New system, same game

As stated, Monster Hunter GU is an updated port of a 3DS game, and while that does show, this is still a vibrant world to get lost in. Each of its village hubs has a design in and of itself while carrying the Monster Hunter aesthetic, and the variety of monsters leads to plenty of distinct armor, weapons, and encounters. It may not be the smoothest looking, and NPCs struck me as a little stiff — but as for as performance goes, the game lived up to expectations and ran smoothly, consistently.

You’ll find a massive number of missions, and while hunts are thrilling affairs that reward a balance of preplanning and off-the-cuff reactions, anytime you’re tasked with gathering resources instead leads to a test of patience rather than skill. This isn’t anything unique to MonHun, but as long as these quests remain I’ll only complete them begrudgingly.

Thankfully, the unique to Generations (and by extension GU) Prowler Mode saves the day here. Letting you run around as a Palico, it eliminates the need for picks or nets when it comes to mining and bug catching, and it also gives you no stamina restrictions to up the movement pace. It’s a welcome feature, but its presence feels almost redundant. If it’s meant to make these mission types more bearable, why have the missions at all? Still, it let me run around as a weapon-wielding cat who can smack dinosaurs around… so I embrace this with an outstretched paw.

Less welcome though is just how overwhelming and plentiful menu navigation is in the game. Grinding repeat hunts to gather certain monster parts? Bring it on! Foraging missions, as described above? Time to swap to Palico for a bit. Deep diving into increasingly numerous amounts of numerotextual labyrinths? Easily the biggest hurdle to my enjoyment here. For fans of this complexity and the level of minute customization it affords, you just struck gold here. But this is easily the area where I missed World’s more streamlined approach and felt like GU was about as fossilized as its strewn about bone piles. I never wanted Generations to “be” its predecessor and circumstances prevent it here, but if there’s one aspect I’d like as a new series standard, it’d be the quality of life updates in its menus and organization.

Freshly crafted features

For anyone returning rather than starting fresh, Generations Ultimate is largely the same save for a key addition — G Rank. Be ready for monolithic challenges for you and your hunting parties, improved equipment to grind, and more ferocious monster variants. Thankfully, you can transfer over 3DS saves to keep your progress and jump right into these rather than build up through low and high rank quests all over again.

The Hunting Style system has also been expanded, offering two new styles to choose from in Valor and Alchemy. Alchemy in particular changes things up, focusing mostly on supporting your allies and offering some freshness to multiplayer compositions, though it might not be the strongest or best bet for solo hunters just starting out. There’re also new Hunter Arts as well, giving more unique techniques to set yourself apart and make all the new challenges a little more manageable.

This is where Generations most sets itself apart from previous Monster Hunters, and I feel it’s a welcome addition.

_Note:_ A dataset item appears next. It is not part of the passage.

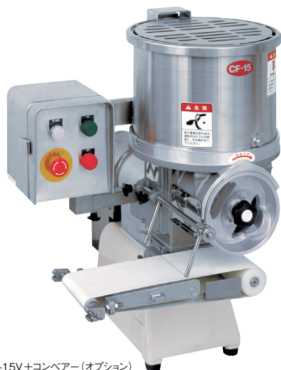
CF-15V+コンベアー(オプション)

コロッケやハンバーグ、ミートボールなどの成型に最適。使い勝手、省スペース性に優れる小型と卓上型をラインナップ。小型はシリンダー方式で、卓上型はドラム方式を採用しています。

It may make things less “pure” and adds greater variety to its varied weapon classes, but it caters to multiple styles of play. If you just can’t stop mounting monsters, Aerial’s made for you to do just that while something like Valor (the other new Style) rewards a more head-on approach and understanding monster patterns with huge counterattacks. You still have to play start and know your weapon, and if you want to ignore them and go full classic you can do that with the Guild style; but it gives further and more immediate customization to how you play the game.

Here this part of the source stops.